> [Work order]:
Omitting all images, transcribe the entries word for word.

================================

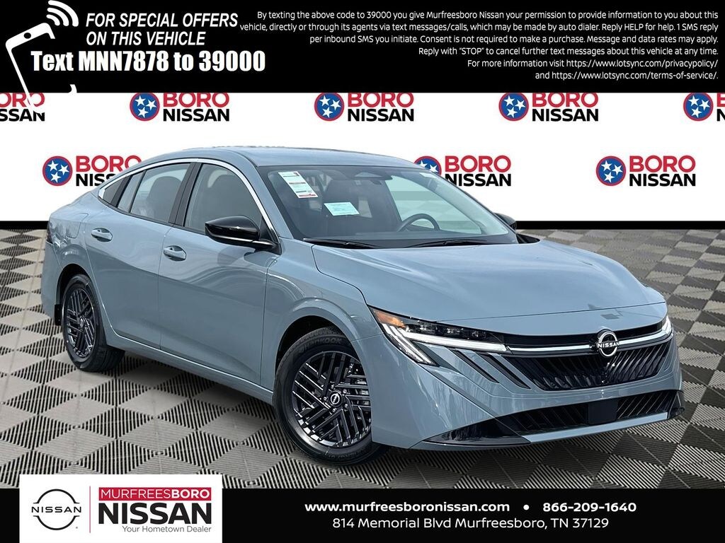 Atlantic Gray Metallic 2026 Nissan Sentra SV FWD CVT with Xtronic 2.0L I4 DOHC APPLE ANDRIOD CAR PLAY, REAR BACKUP CAMERA, CVT with Xtronic, Charcoal Cloth, 16" Machined Alloy Wheels, 4 Speakers, 4-Wheel Disc Brakes, 6 Speakers, ABS brakes, Air Conditioning, Alloy wheels, AM/FM radio: Sirius, Ambient Lighting, Auto Diming Inside Mirror, Auto High-beam Headlights, Automatic temperature control, Body Colored Splash Guards (4-Piece), Brake assist, Bumpers: body-color, Delay-off headlights, Driver door bin, Driver vanity mirror, Dual front impact airbags, Dual front side impact airbags, Electronic Stability Control, Floor Mat Package, Four wheel independent suspension, Front anti-roll bar, Front Bucket Seats, Front Center Armrest, Front reading lights, Fully automatic headlights, Heated Exterior Mirrors, Heated Front Seats, Heated Steering Wheel, I-Key with Approach Unlock All Plus Walk Away Lock, Illuminated entry, Interior Door Scuff Protection, Knee airbag, Low tire pressure warning, Occupant sensing airbag, Outside temperature display, Overhead airbag, Overhead console, Panic alarm, Passenger door bin, Passenger vanity mirror, Power door mirrors, Power steering, Power windows, Premium Cloth Seat Trim, Premium Paint, Radio data system, Radio: AM/FM with RDS/MP3, Rear anti-roll bar, Rear side impact airbag, Rear window defroster, Remote keyless entry, Security system, Soft Knee Pad, Speed control, Speed-sensing steering, Split folding rear seat, Steering wheel mounted audio controls, SV Convenience Package, Synthetic Leather Steering Wheel, Tachometer, Telescoping steering wheel, Tilt steering wheel, Traction control, Trip computer, Variably intermittent wipers, Visor DR/AS w/LED Light, Wireless Apple CarPlay/Wireless Android Auto, Wireless Charging For Personal Devices, NAVIGATION, ALLOY WHEELS, CVT with Xtronic, Charcoal Cloth.
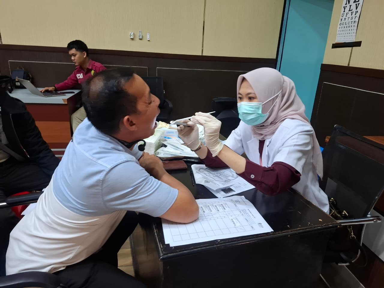 Pemeriksaan meliputi tes mata, jantung, gigi, cek darah, cek urin, serta pengecekan kesehatan umum lainnya. Seluruh rangkaian dilakukan oleh tim medis dari Bidang Kesehatan Polda Sumatera Selatan yang memastikan kesehatan anggota dicek secara menyeluruh.
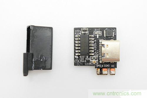Type-C輸出為獨立的一塊PCB小板,小板尾部有塑膠封套,用于絕緣和定位。
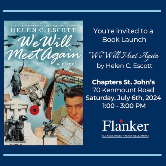 Bestselling, award-winning author Helen C. Escott’s eighth novel, We Will Meet Again, from Flanker Press will be released in July 2024. The book launch will take place Saturday, July 6th from 1-3 pm at Chapters, Kenmount Road, St. John’s.
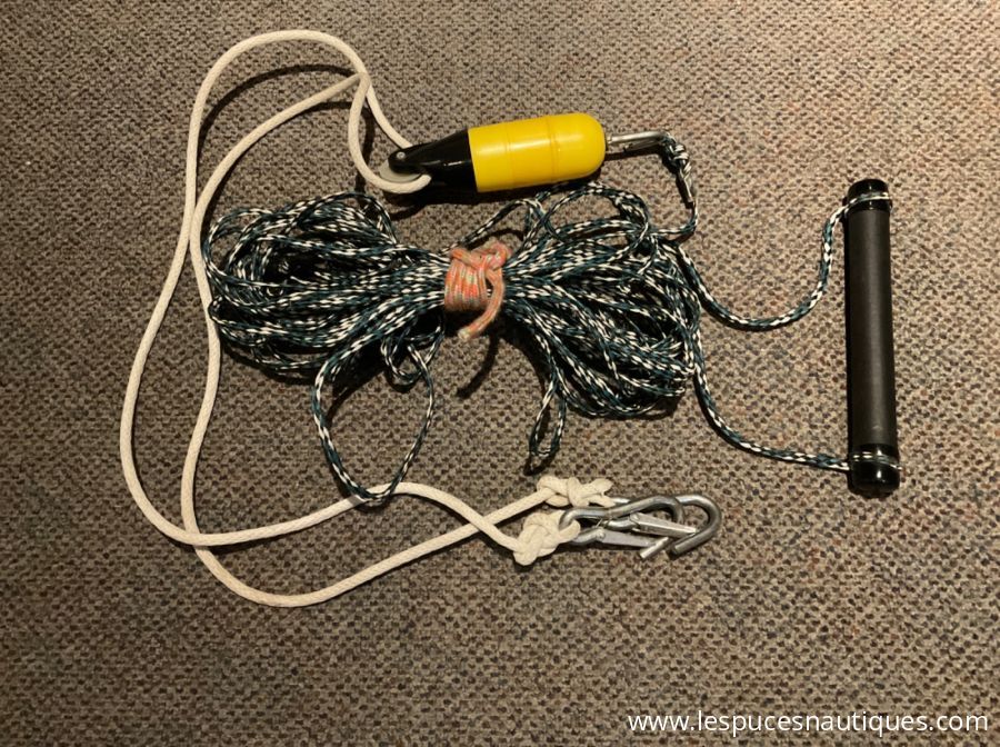 Corde & poignée pour sports nautiques robuste et universel tel que skis, wakeboard ou autres. La poignée est en caoutchouc pour plus de confort. Elle est également muni d'un anneau en ''D'' pour faciliter les manoeuvres derrière le bateau.
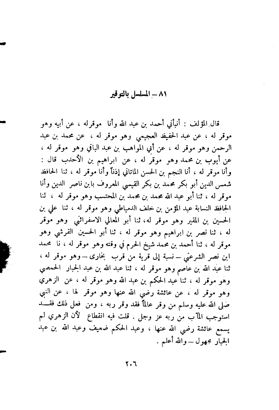 قال المؤلف: أنبأني أحمد بن عبد الله وأنا موقر له، عن أبيه وهو موقر له، عن عبد الحفيظ العجيمي وهو موقر له، عن محمد بن عبد الرحمن وهو موقر له، عن أبي المواهب بن عبد الباقي وهو موقر له، عن أيوب بن محمد وهو موقر له، عن إبراهيم بن الأحدب قال: وأنا موقر له، أنا النجم بن الحسن الماتاني إذناً وأنا موقر له، ثنا الحافظ شمس الدين أبو بكر محمد بن بكر القيسي المعروف بابن ناصر الدين وأنا موقر له، ثنا أبو عبد الله محمد بن محمد بن المحتسب وهو موقر له، ثنا الحافظ النسابة عبد المؤمن بن خلف الدمياطي وهو موقر له، ثنا علي بن الحسين بن المقير وهو موقر له، ثنا أبو المعالي الإسفرائني وهو موقر له، ثنا نصر بن إبراهيم وهو موقر له، ثنا أبو الحسين القرشي وهو موقر له، ثنا أحمد بن محمد شيخ الحرم في وقته وهو موقر له، نا محمد بن نصر الشرعتي - نسبة إلى قرية من قرب بخارى - وهو موقر له، ثنا عبد الله بن عاصم وهو موقر له، ثنا عبد الله بن عبد الجبار الحمصي وهو موقر له، ثنا عبد الحكم بن عبد الله وهو موقر له، عن الزهري وهو موقر له، عن عائشة رضي الله عنها وهو موقر لها، عن النبي صلى الله عليه وسلم من وقر عالماً فقد وقر ربه، ومن فعل ذلك فقد استوجب المآب من ربه عز وجل. قلت فيه انقطاع لأن الزهري لم يسمع عائشة رضي الله عنها، وعبد الحكم ضعيف وعبد الله بن عبد الجبار مجهول - والله أعلم.
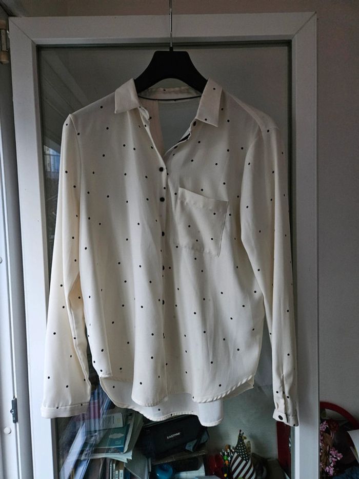 Chemise blanche à pois noirs vintage taille 40 - photo numéro 1
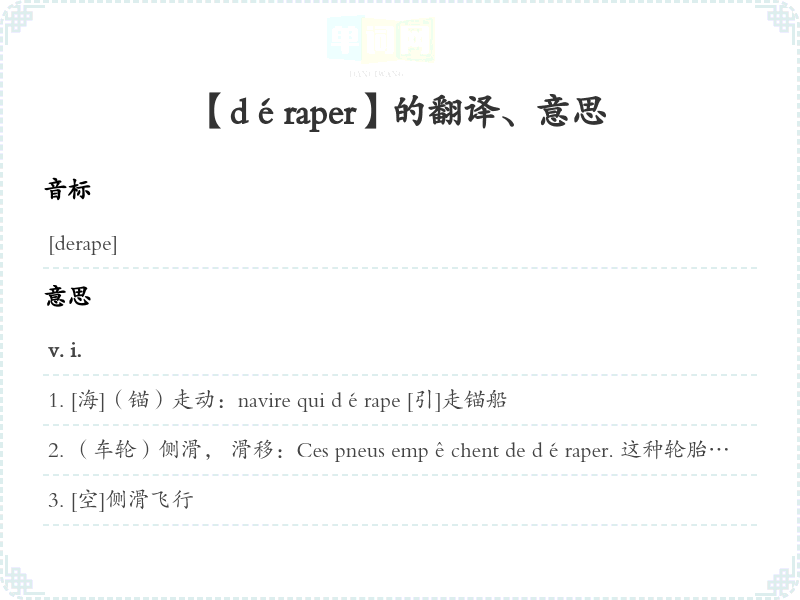 (车轮)侧滑, 滑移:Ces pneus empêchent de déraper. 这种轮胎能防滑。
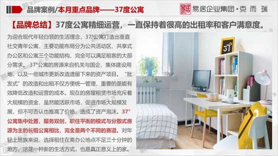 典型案例:本月典型企业案例为老牌国企背景的首钢基金创业公社旗下的长租公寓品牌——37度公寓,典型项目案例为魔方公寓旗下高端服务式公寓品牌在北京的第二个门店——魔尔公寓郎园station。
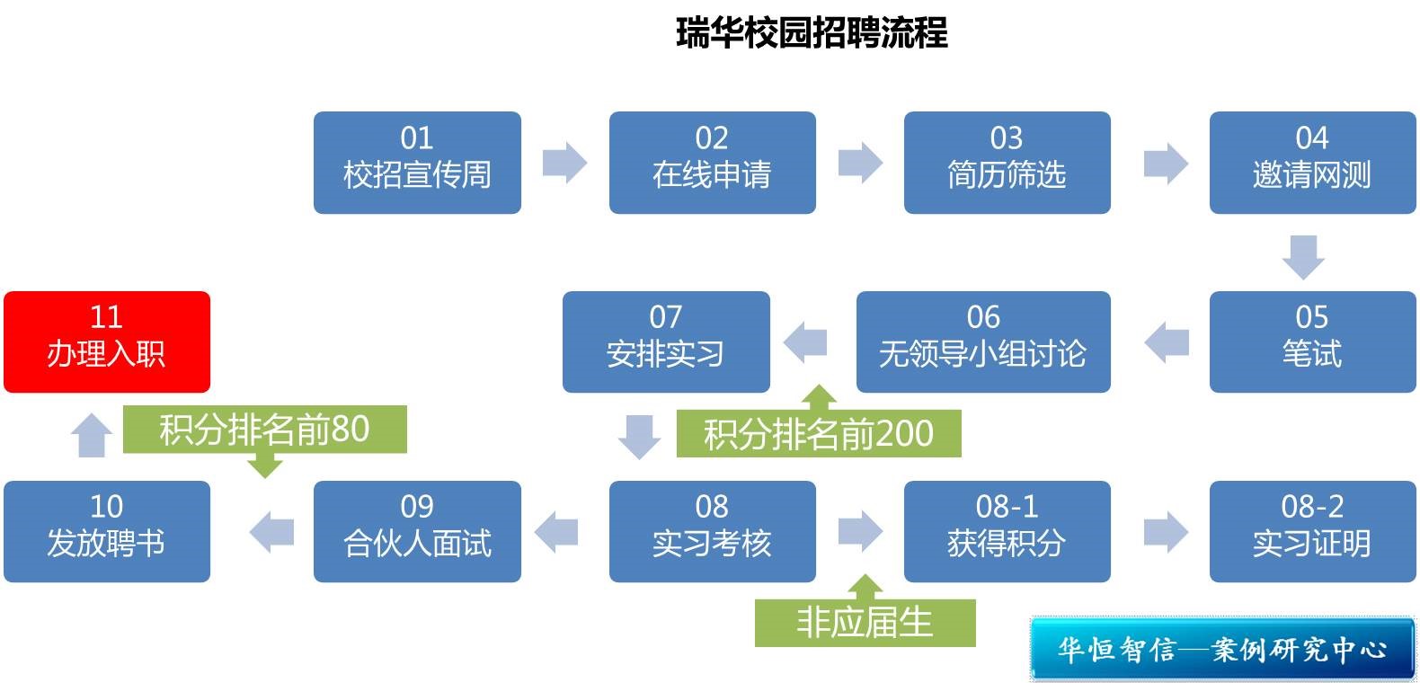 针对非应届毕业生,瑞华实施了“校园会员计划”,将招聘触角延伸到大一的新生,让学生提前了解企业。学生可通过参与各类活动来体验瑞华的文化,并取得相应积分,所获积分可累计到毕业季的校招中,让学生在校园内就能够得知社会的发展现状,利于今后的职场发展。
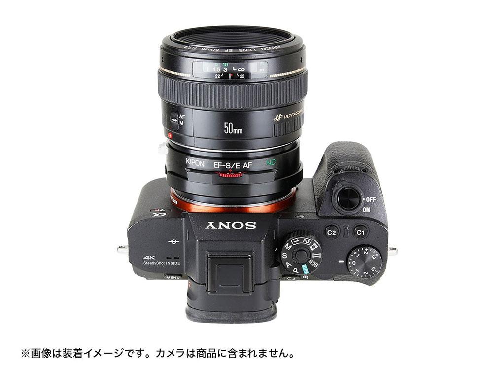 The adapter is the Kipon EF-S/E AF ND and allows photographers to maintain the autofocus and image stabilization features. EXIF data is also communicated to the when the adapter is used. Other features include the ability to manually focus and trigger MF assistance features like peaking or magnification.

================================

> [Task response]:
 Atlantic Gray Metallic 2026 Nissan Sentra SV FWD CVT with Xtronic 2.0L I4 DOHC APPLE ANDRIOD CAR PLAY, REAR BACKUP CAMERA, CVT with Xtronic, Charcoal Cloth, 16" Machined Alloy Wheels, 4 Speakers, 4-Wheel Disc Brakes, 6 Speakers, ABS brakes, Air Conditioning, Alloy wheels, AM/FM radio: Sirius, Ambient Lighting, Auto Diming Inside Mirror, Auto High-beam Headlights, Automatic temperature control, Body Colored Splash Guards (4-Piece), Brake assist, Bumpers: body-color, Delay-off headlights, Driver door bin, Driver vanity mirror, Dual front impact airbags, Dual front side impact airbags, Electronic Stability Control, Floor Mat Package, Four wheel independent suspension, Front anti-roll bar, Front Bucket Seats, Front Center Armrest, Front reading lights, Fully automatic headlights, Heated Exterior Mirrors, Heated Front Seats, Heated Steering Wheel, I-Key with Approach Unlock All Plus Walk Away Lock, Illuminated entry, Interior Door Scuff Protection, Knee airbag, Low tire pressure warning, Occupant sensing airbag, Outside temperature display, Overhead airbag, Overhead console, Panic alarm, Passenger door bin, Passenger vanity mirror, Power door mirrors, Power steering, Power windows, Premium Cloth Seat Trim, Premium Paint, Radio data system, Radio: AM/FM with RDS/MP3, Rear anti-roll bar, Rear side impact airbag, Rear window defroster, Remote keyless entry, Security system, Soft Knee Pad, Speed control, Speed-sensing steering, Split folding rear seat, Steering wheel mounted audio controls, SV Convenience Package, Synthetic Leather Steering Wheel, Tachometer, Telescoping steering wheel, Tilt steering wheel, Traction control, Trip computer, Variably intermittent wipers, Visor DR/AS w/LED Light, Wireless Apple CarPlay/Wireless Android Auto, Wireless Charging For Personal Devices, NAVIGATION, ALLOY WHEELS, CVT with Xtronic, Charcoal Cloth.
 Pemeriksaan meliputi tes mata, jantung, gigi, cek darah, cek urin, serta pengecekan kesehatan umum lainnya. Seluruh rangkaian dilakukan oleh tim medis dari Bidang Kesehatan Polda Sumatera Selatan yang memastikan kesehatan anggota dicek secara menyeluruh.
Type-C輸出為獨立的一塊PCB小板,小板尾部有塑膠封套,用于絕緣和定位。
 Bestselling, award-winning author Helen C. Escott’s eighth novel, We Will Meet Again, from Flanker Press will be released in July 2024. The book launch will take place Saturday, July 6th from 1-3 pm at Chapters, Kenmount Road, St. John’s.
 Corde & poignée pour sports nautiques robuste et universel tel que skis, wakeboard ou autres. La poignée est en caoutchouc pour plus de confort. Elle est également muni d'un anneau en ''D'' pour faciliter les manoeuvres derrière le bateau.
 قال المؤلف: أنبأني أحمد بن عبد الله وأنا موقر له، عن أبيه وهو موقر له، عن عبد الحفيظ العجيمي وهو موقر له، عن محمد بن عبد الرحمن وهو موقر له، عن أبي المواهب بن عبد الباقي وهو موقر له، عن أيوب بن محمد وهو موقر له، عن إبراهيم بن الأحدب قال: وأنا موقر له، أنا النجم بن الحسن الماتاني إذناً وأنا موقر له، ثنا الحافظ شمس الدين أبو بكر محمد بن بكر القيسي المعروف بابن ناصر الدين وأنا موقر له، ثنا أبو عبد الله محمد بن محمد بن المحتسب وهو موقر له، ثنا الحافظ النسابة عبد المؤمن بن خلف الدمياطي وهو موقر له، ثنا علي بن الحسين بن المقير وهو موقر له، ثنا أبو المعالي الإسفرائني وهو موقر له، ثنا نصر بن إبراهيم وهو موقر له، ثنا أبو الحسين القرشي وهو موقر له، ثنا أحمد بن محمد شيخ الحرم في وقته وهو موقر له، نا محمد بن نصر الشرعتي - نسبة إلى قرية من قرب بخارى - وهو موقر له، ثنا عبد الله بن عاصم وهو موقر له، ثنا عبد الله بن عبد الجبار الحمصي وهو موقر له، ثنا عبد الحكم بن عبد الله وهو موقر له، عن الزهري وهو موقر له، عن عائشة رضي الله عنها وهو موقر لها، عن النبي صلى الله عليه وسلم من وقر عالماً فقد وقر ربه، ومن فعل ذلك فقد استوجب المآب من ربه عز وجل. قلت فيه انقطاع لأن الزهري لم يسمع عائشة رضي الله عنها، وعبد الحكم ضعيف وعبد الله بن عبد الجبار مجهول - والله أعلم.
 Chemise blanche à pois noirs vintage taille 40 - photo numéro 1
 (车轮)侧滑, 滑移:Ces pneus empêchent de déraper. 这种轮胎能防滑。
 典型案例:本月典型企业案例为老牌国企背景的首钢基金创业公社旗下的长租公寓品牌——37度公寓,典型项目案例为魔方公寓旗下高端服务式公寓品牌在北京的第二个门店——魔尔公寓郎园station。
 针对非应届毕业生,瑞华实施了“校园会员计划”,将招聘触角延伸到大一的新生,让学生提前了解企业。学生可通过参与各类活动来体验瑞华的文化,并取得相应积分,所获积分可累计到毕业季的校招中,让学生在校园内就能够得知社会的发展现状,利于今后的职场发展。
 The adapter is the Kipon EF-S/E AF ND and allows photographers to maintain the autofocus and image stabilization features. EXIF data is also communicated to the when the adapter is used. Other features include the ability to manually focus and trigger MF assistance features like peaking or magnification.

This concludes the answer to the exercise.